As to repairing of pinhole defect 76, the pinhole defect is filled with a carbon-type film 80 by FIB assist deposition using an aromatic-type gas, as is generally used in the conventional photomask. The FIB assist deposition can make the process easier and reduce the repairing cost.
Since carbon-type film 80 on the phase shift mask repaired as described above is not peeled off even during cleaning conducted in the later step, a favorable phase shift mask can be obtained.
However, there is a problem in the above-described conventional technique as below.
FIG. 30 is a plan view of a phase shift mask 84 of attenuation type wherein a phase shifter portion 86 and a light transmitting portion 88 are included.
Also, there are provided a pinhole defect 90 generated only in a region of phase shifter portion 86 and a pinhole defect 92 formed in the vicinity of a boundary between light transmitting portion 88 and phase shifter portion 86.
In the following, how these pinhole defects 90 and 92 are repaired will be described. As to pinhole defect 90, carbon-type film 80 is usually used, as shown in FIG. 29.
On the contrary, in the case of repairing of pinhole defect 92, a transmittance of exposure light in this region should be considered.
For example, with reference to FIG. 31, the case where pinhole defect 92 is repaired by filling with carbon-type film 94 by the FIB assist deposition will be discussed.
If exposure is carried out normally by using a phase shift mask including light transmitting portion 88 and phase shifter portion 86 without any pinhole defect 92, then a complete circular pattern 98 is formed in a positive resist film 96 after etching, as shown in FIG. 32. The light intensity of exposure light on the resist film taken along a line A--A and a line B--B are plotted in FIGS. 34 and 35, respectively.

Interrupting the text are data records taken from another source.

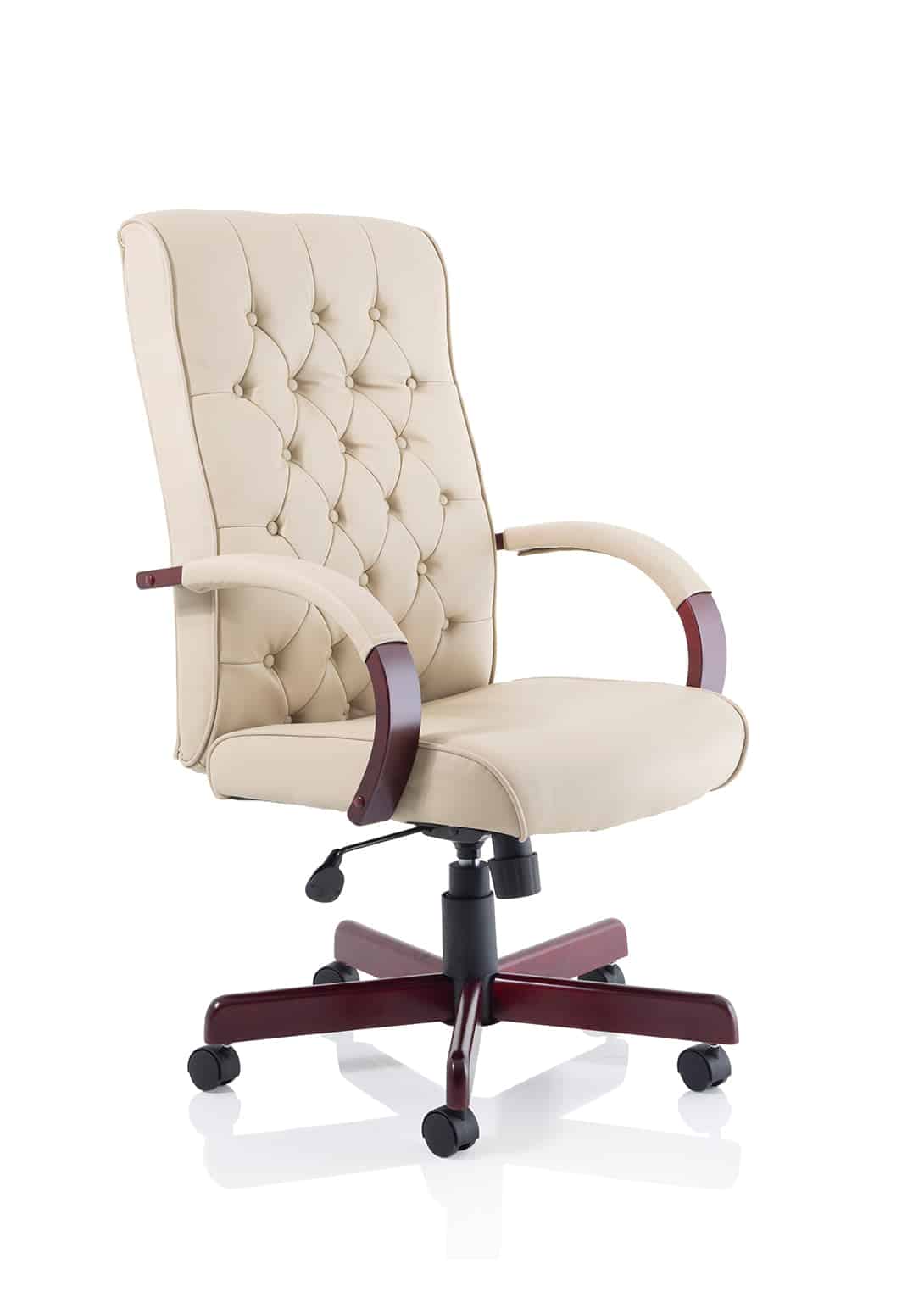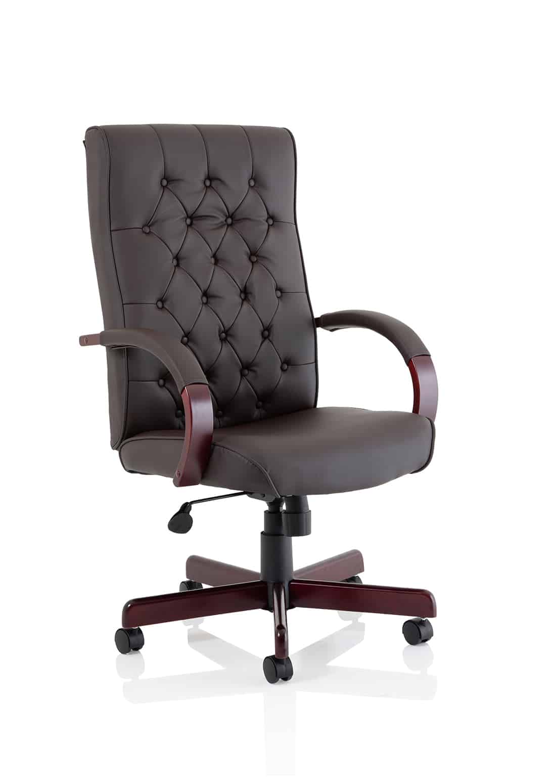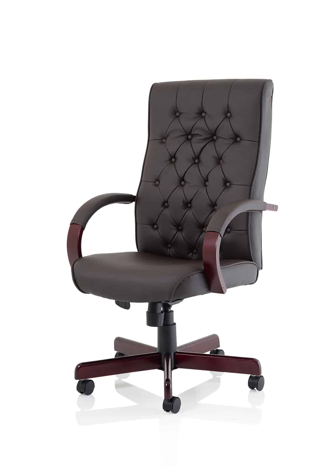 Chesterfield High Back Leather Executive Office Chair with Arms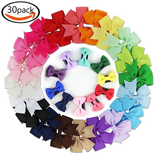Goodlucky365 20Pcs Baby Girl Headbands Grosgrain Ribbon Boutique Hair Bows Alligator Clips and 10Pcs Tiny Solid Hair Bows Clips Barrettes for Little Girls Baby Girls Toddlers Pigtails will help your job easier dexA total of two groups, one group of 20 color design, the design of a group of 10 color, different color different styles can be applied to any place you need to go to.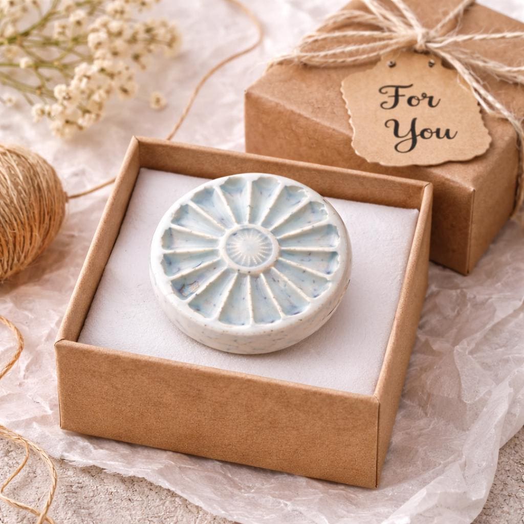 While the glaze color remains consistent, each ring features a distinct shape and relief pattern, making every piece truly one of a kind.

On the contrary, if the phase shift mask in which defects are repaired as shown in FIG. 31 is exposed, an asymmetric pattern 100 is formed in resist film 96, as shown in FIG. 33. The light intensity of the exposure light on the resist film taken along a line C--C and a line D--D are plotted in FIGS. 34 and 35, respectively.
With reference to FIGS. 34 and 35, when the normal resist pattern is formed as shown in FIG. 32, the light intensity on resist film is symmetric about a central axis L, as represented by solid lines a and b. On the contrary, the light intensity on resist film of the pattern shown in FIG. 33 has an oval pattern in which light intensity profile is expanded outwardly as shown by a dotted line c.
The reason for this is that since an opaque carbon-type film is formed in the vicinity of the boundary between the light transmitting portion and the phase shifter portion, such a boundary portion does not serve as a phase shift mask, whereby the same event as is described in photomask 30 shown in FIG. 24 is generated.
Thus, in view of a strong need for miniaturization of a semiconductor apparatus, if a dimensional error is generated in a pattern of the resist film, there are provided disadvantages such as electrical variation in a memory portion of a semiconductor memory device, insufficient contact of bit lines, and short circuit due to insufficient alignment margin.
Also, if a pinhole defect 106 generated in a phase shifter portion 102 of a phase shift pattern formed by lines and spaces of a light transmitting portion 104 and a phase shifter portion 102 is repaired with a carbon-type film 108 as shown in FIG. 36, a portion 114 in which the pattern 110 is thinned is generated as can be seen in pattern 110 of the resist film in FIG. 37.
If an interconnection layer or the like is patterned with such a resist film, the resulting interconnection layer includes a thinner portion. Therefore, disadvantages such as resistance increase and disconnection in that portion are incurred, thus greatly deteriorating the performance of semiconductor device.